[SOURCE DATA]

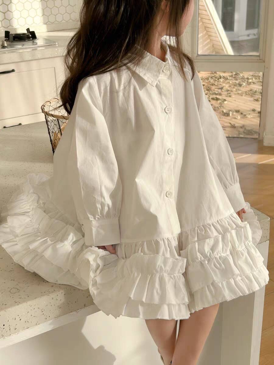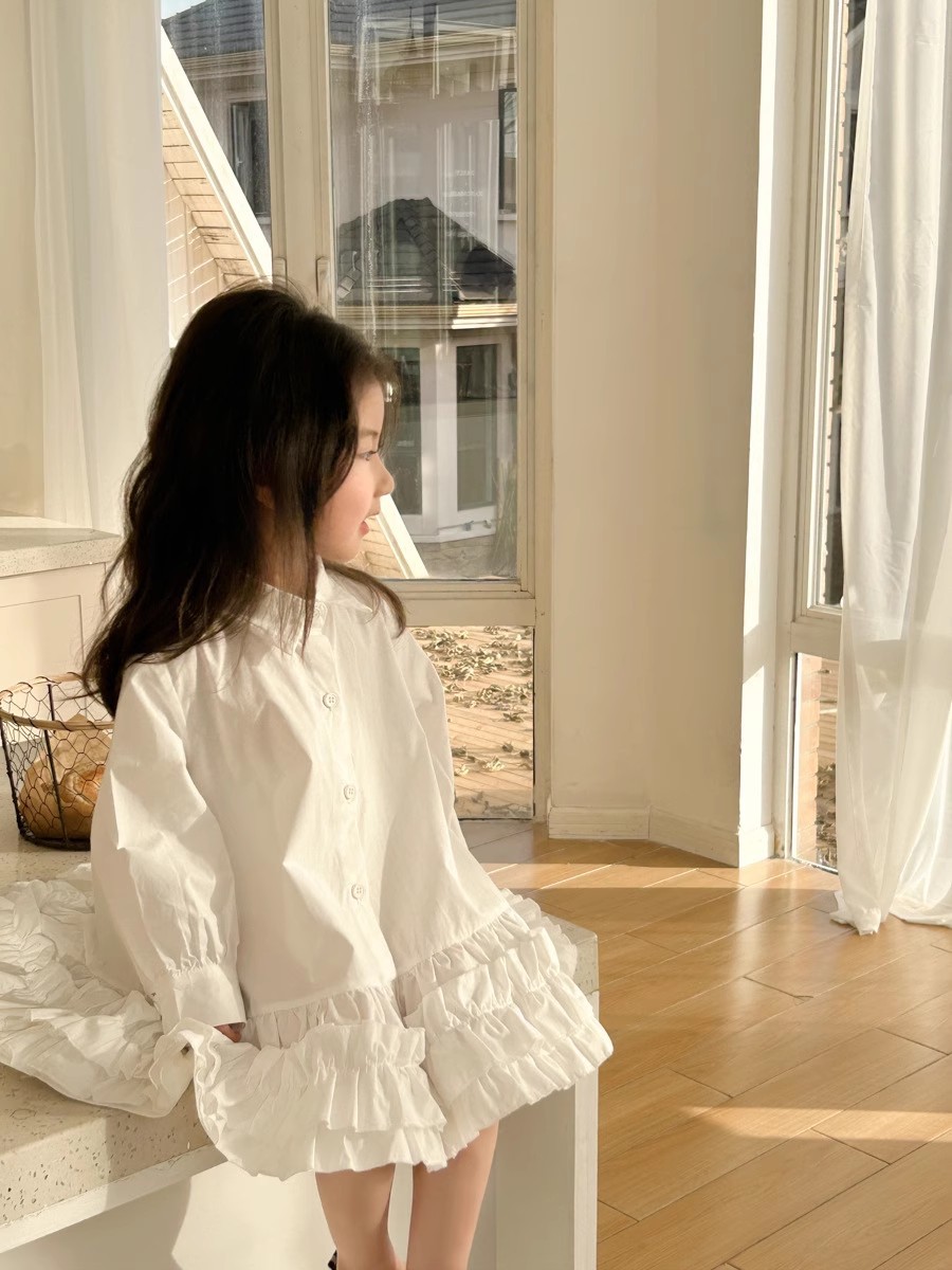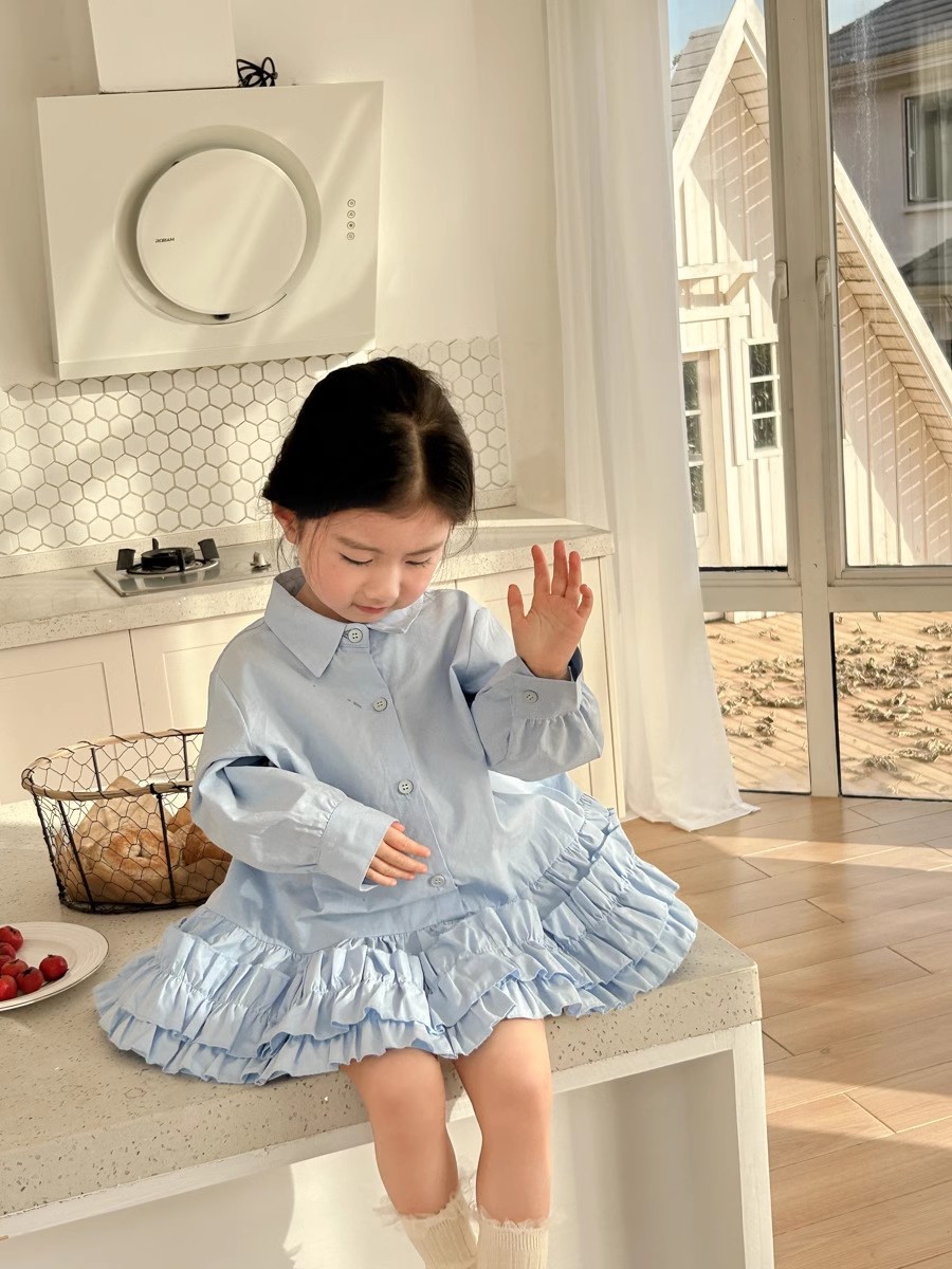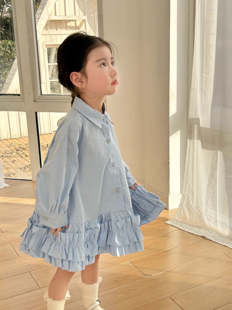 크림 셔츠 드레스 2025 봄과 가을 새로운 스타일 소녀 옷깃 긴 소매 공주 드레스 어린이 드레스 유행스토어 가기
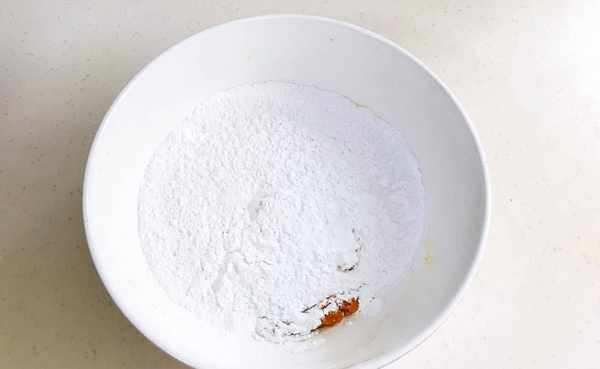 4、趁着南瓜的温度还没降下来,直接将100g的糯米粉倒进捣好的南瓜泥中,全程不要放一滴水,因为南瓜自带水分,就可以将面融合的很好了。
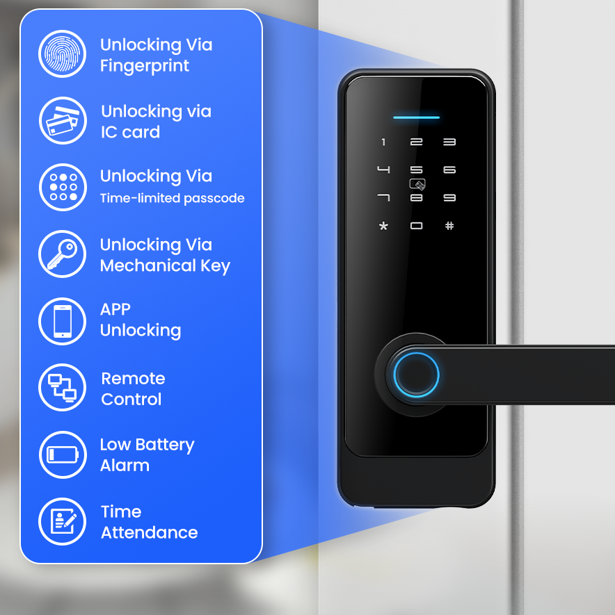 Remote control: WiFi and Bluetooth-based access via the Tuya or TTlock apps, enabling remote locking/unlocking of locks and real-time alerts.
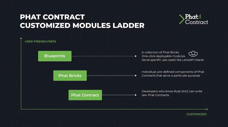 The ability to deploy applications without the need for coding greatly enhances application deployment efficiency and productivity. Phat Contracts provide predefined components (Phat Bricks) and customizable templates (Blueprints) to effortlessly construct efficient dApps.
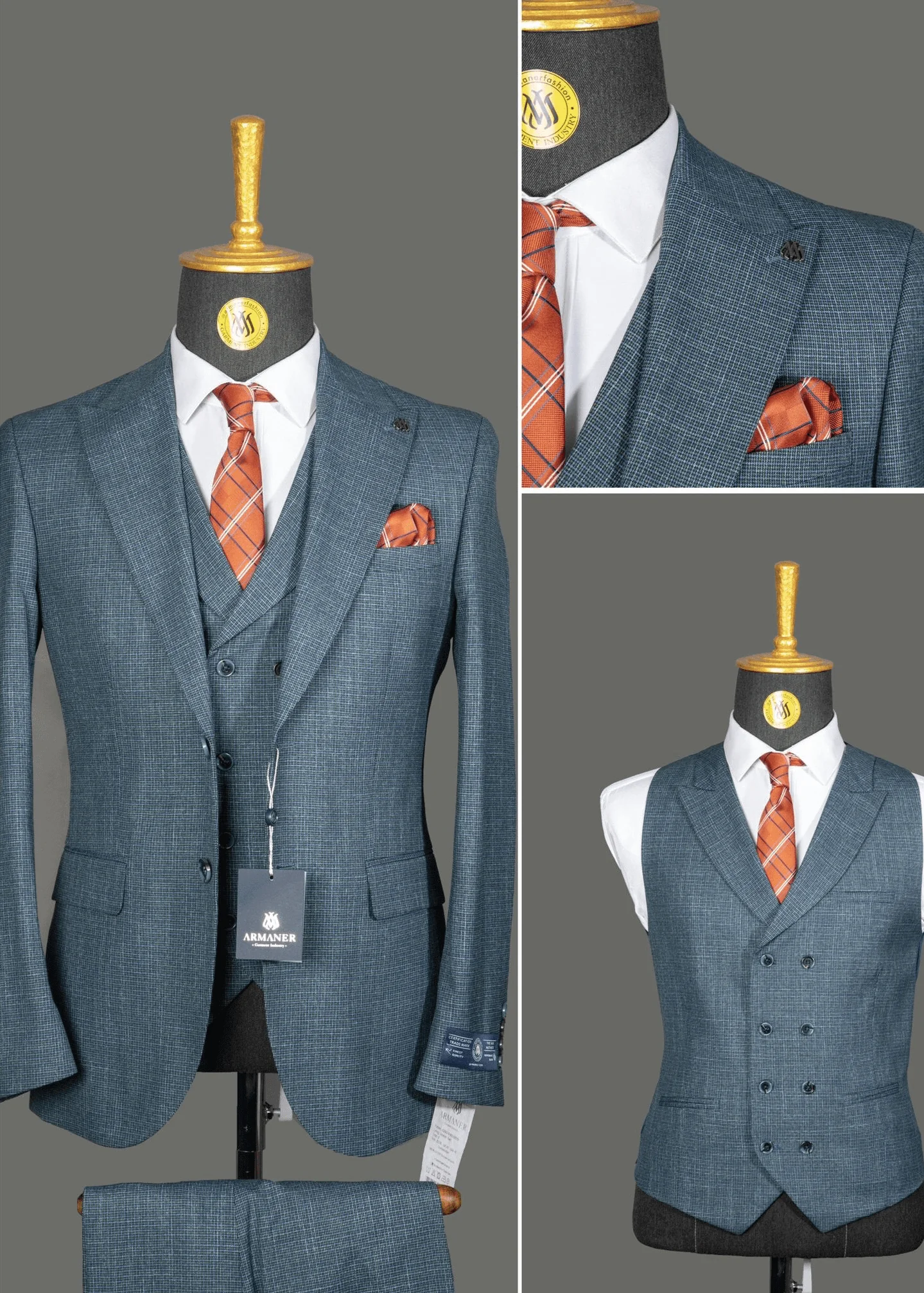 Costume 3 Pièces à Carreaux Gris et Bleu 3
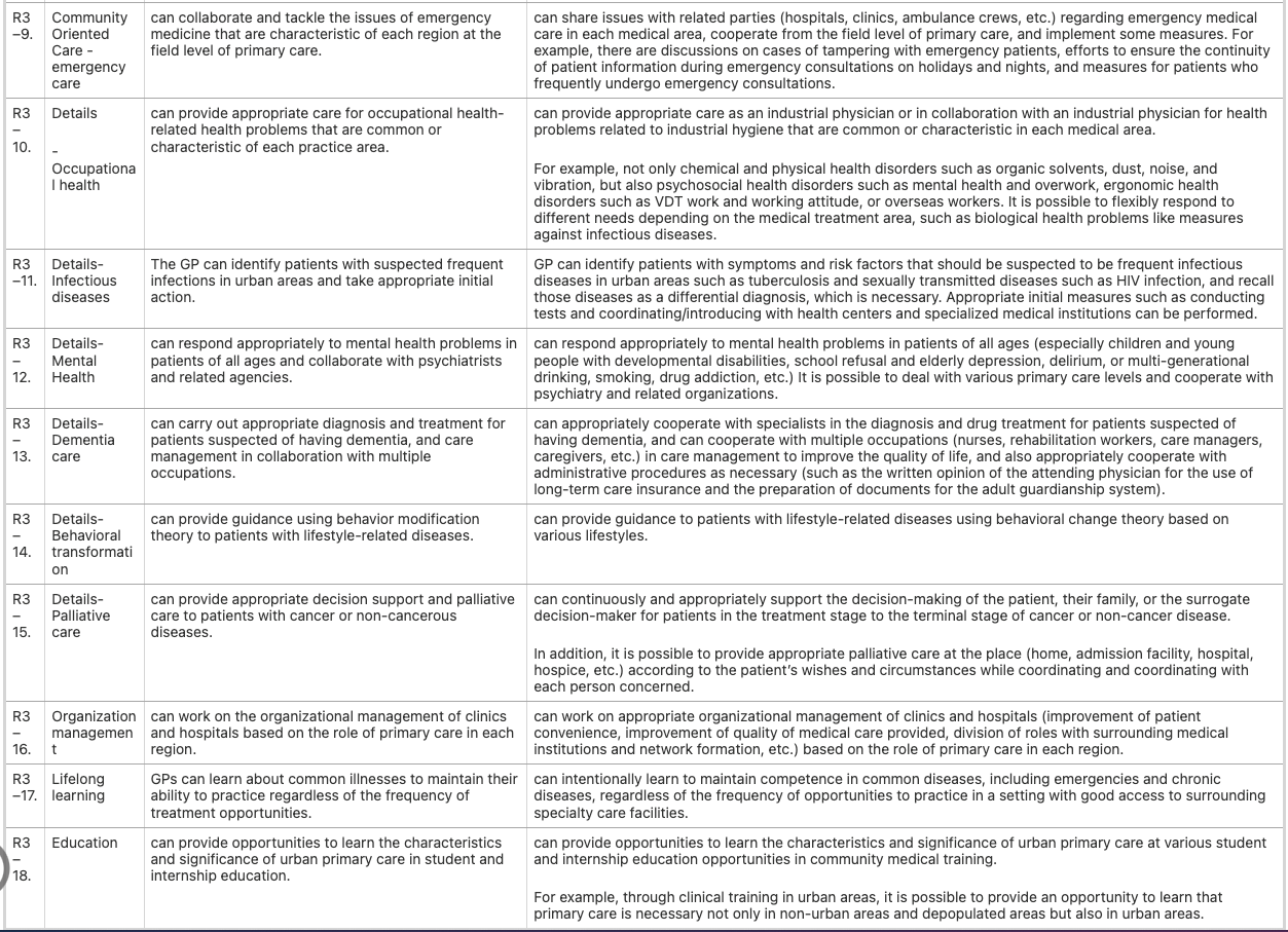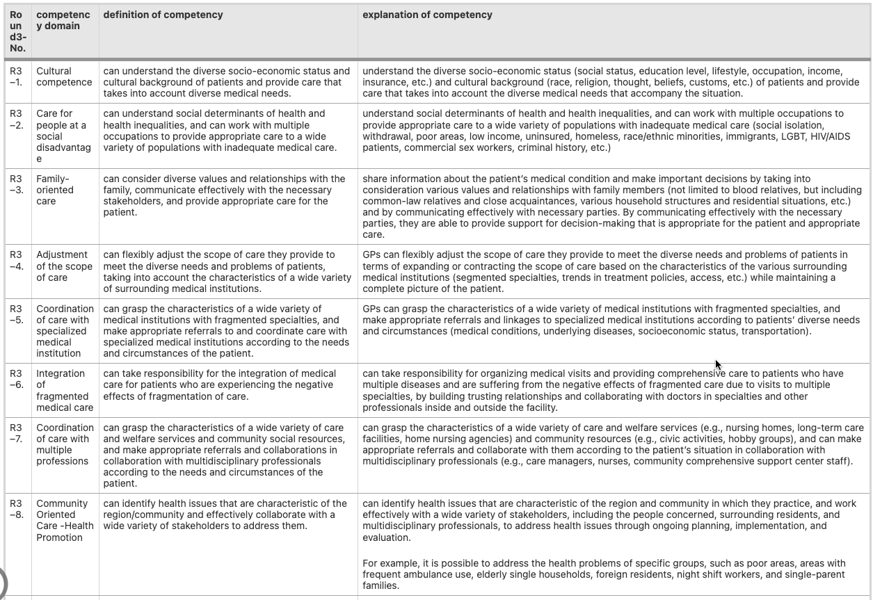 Table 3. 都市部の家庭医/総合診療医のコンピテンシー(最終リスト)
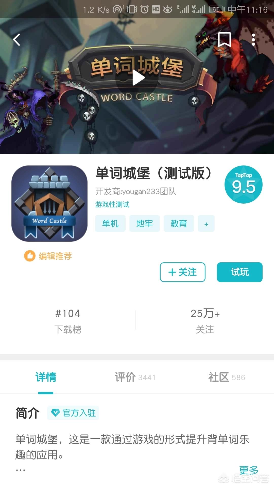 楼主您好,taptap上有一款叫做单词城堡的游戏,评分非常高。是一款通过游戏来提升背单词乐趣的游戏,由独立团队精心制作的英语学习软件,区别于传统的背单词应用,更加关注于激发用户对背单词的兴趣。拥有丰富的词库,全方位的英语学习环境,完全自由的冒险之旅,等待用英语词汇解开的宝藏。
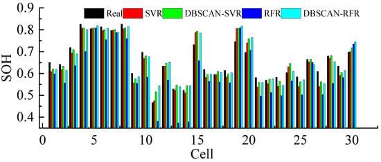 Although the effect of the SVR model used in this paper to estimate SOH is relatively less affected by outliers, the DBSCAN algorithm still reduces the effect of outliers on the SVR model.
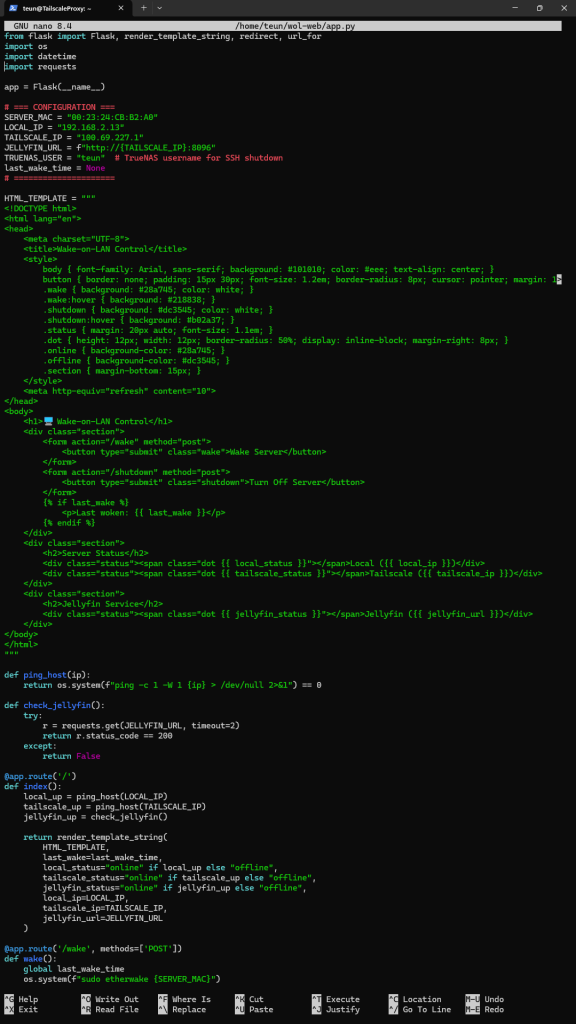 Deze website is op dit moment actief om mij al mijn home servers aan en uit te zetten vanaf waar ik ook ben. Ook laat de site zien of mijn server aan is op mijn local network, tailnet en of mijn jellyfin service actief is.

[/SOURCE DATA]

> **TASK**
Copy the listing above exactly, but only from the line with "楼主您好,taptap上有一" through the line with "Although the effect", including those two lines and excluding any picture.

> **RESULT OF THIS EXERCISE**
 楼主您好,taptap上有一款叫做单词城堡的游戏,评分非常高。是一款通过游戏来提升背单词乐趣的游戏,由独立团队精心制作的英语学习软件,区别于传统的背单词应用,更加关注于激发用户对背单词的兴趣。拥有丰富的词库,全方位的英语学习环境,完全自由的冒险之旅,等待用英语词汇解开的宝藏。
 Although the effect of the SVR model used in this paper to estimate SOH is relatively less affected by outliers, the DBSCAN algorithm still reduces the effect of outliers on the SVR model.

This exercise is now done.